◆ **Data section**:
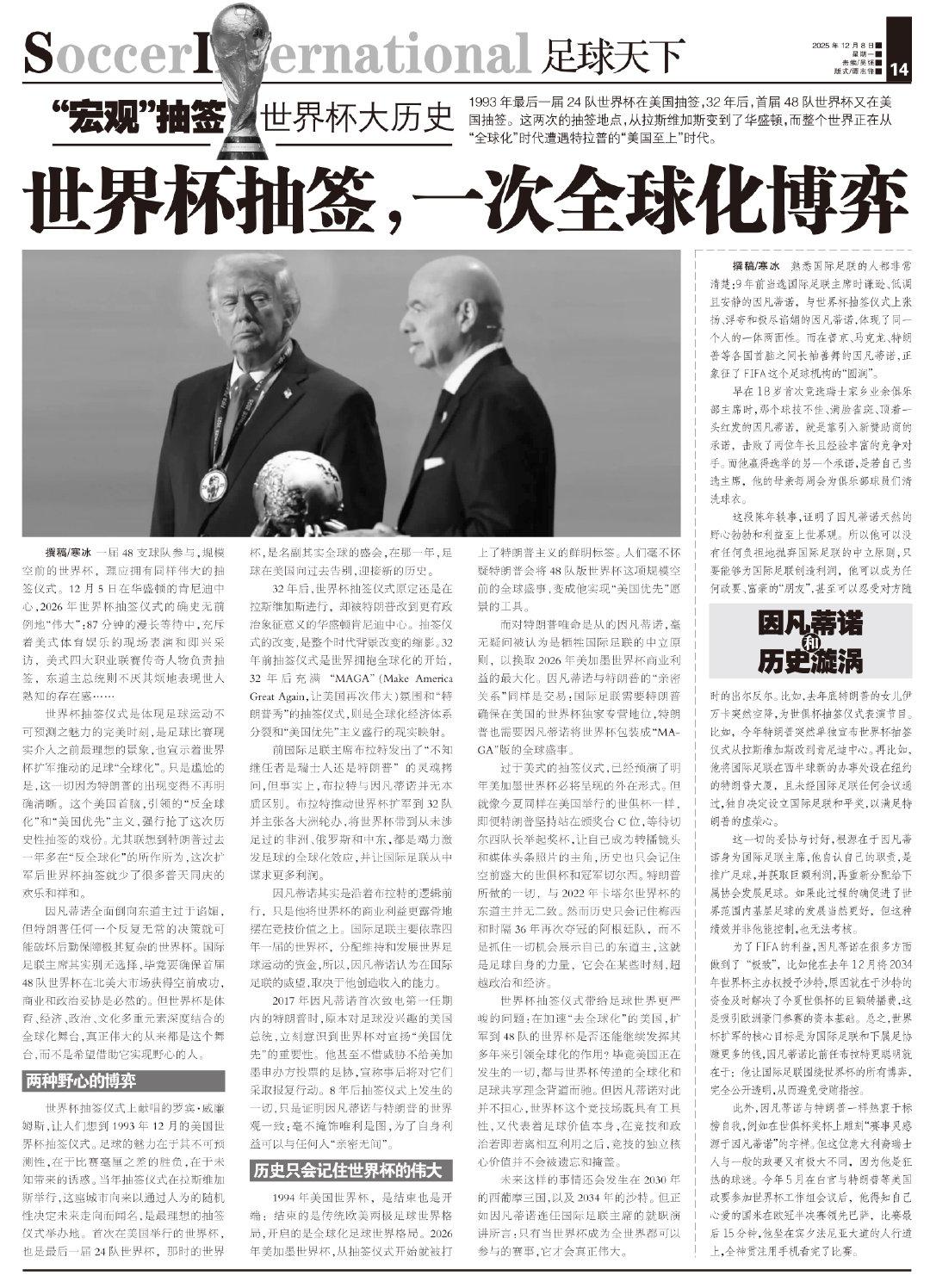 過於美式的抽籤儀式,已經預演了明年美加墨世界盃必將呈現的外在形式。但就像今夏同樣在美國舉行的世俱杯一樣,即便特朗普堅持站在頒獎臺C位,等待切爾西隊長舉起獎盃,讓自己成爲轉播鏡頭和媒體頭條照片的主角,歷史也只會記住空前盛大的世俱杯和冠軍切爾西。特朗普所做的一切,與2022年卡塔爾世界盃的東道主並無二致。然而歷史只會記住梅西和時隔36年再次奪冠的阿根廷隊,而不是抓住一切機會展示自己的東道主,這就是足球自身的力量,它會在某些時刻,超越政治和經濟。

---

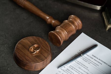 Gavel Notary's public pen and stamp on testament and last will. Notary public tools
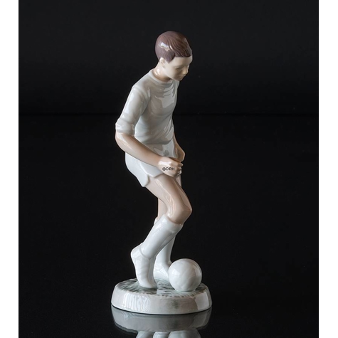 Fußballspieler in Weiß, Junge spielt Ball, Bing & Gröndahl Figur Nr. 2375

* * *

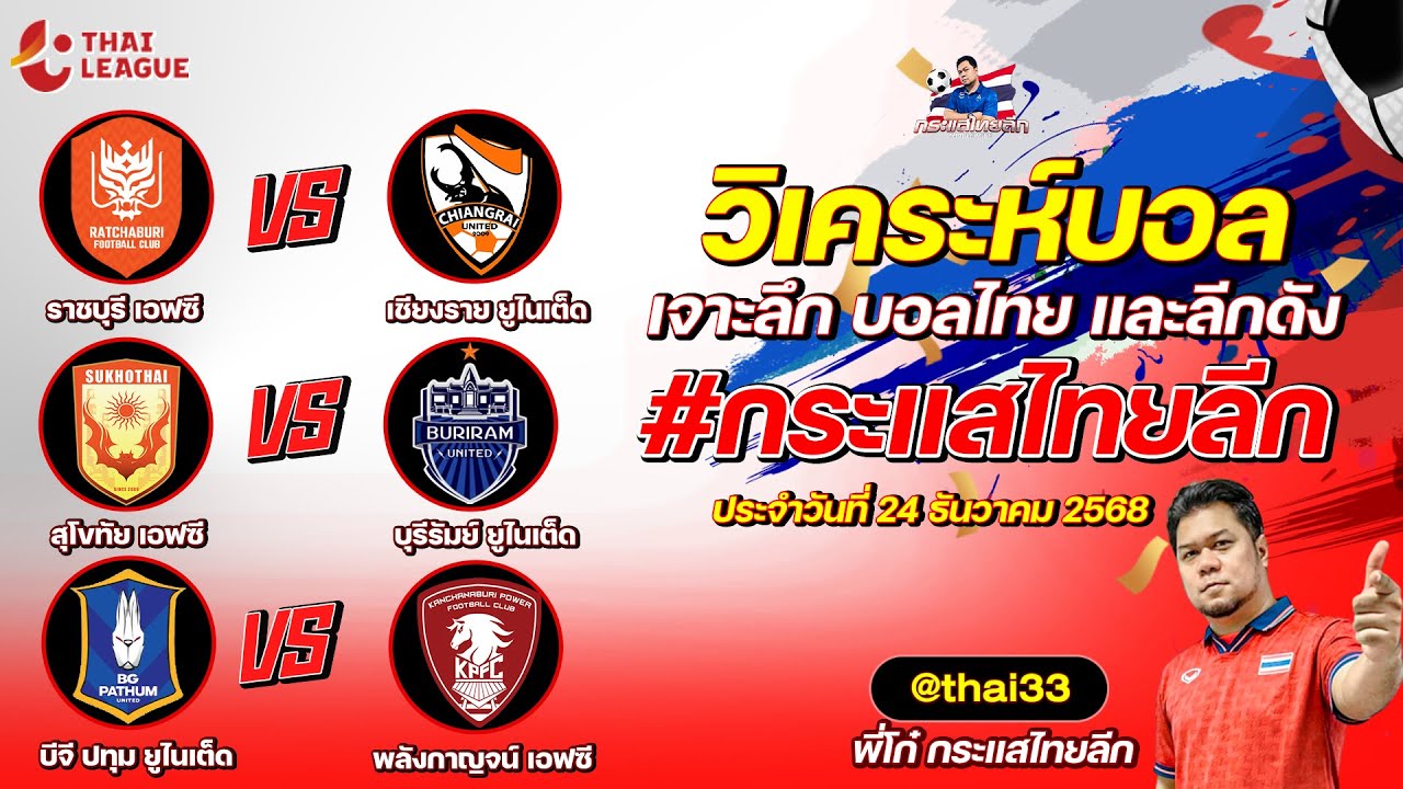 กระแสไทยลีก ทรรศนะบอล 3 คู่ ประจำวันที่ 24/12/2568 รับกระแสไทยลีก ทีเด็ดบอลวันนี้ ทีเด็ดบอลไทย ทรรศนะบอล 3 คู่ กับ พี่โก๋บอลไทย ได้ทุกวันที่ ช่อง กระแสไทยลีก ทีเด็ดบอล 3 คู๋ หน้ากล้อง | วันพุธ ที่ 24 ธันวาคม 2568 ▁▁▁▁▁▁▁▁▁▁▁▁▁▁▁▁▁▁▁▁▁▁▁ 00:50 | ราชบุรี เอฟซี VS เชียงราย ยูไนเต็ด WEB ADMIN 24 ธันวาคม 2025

◆ **Exercise objective**: Restate word for word the lines of the data above that begin at the line with "Gavel Notary's public" and end at the line with "Fußballspieler in Weiß, Junge", keeping both ends and dropping every picture.

◆ **Response to the task**:
 Gavel Notary's public pen and stamp on testament and last will. Notary public tools
 Fußballspieler in Weiß, Junge spielt Ball, Bing & Gröndahl Figur Nr. 2375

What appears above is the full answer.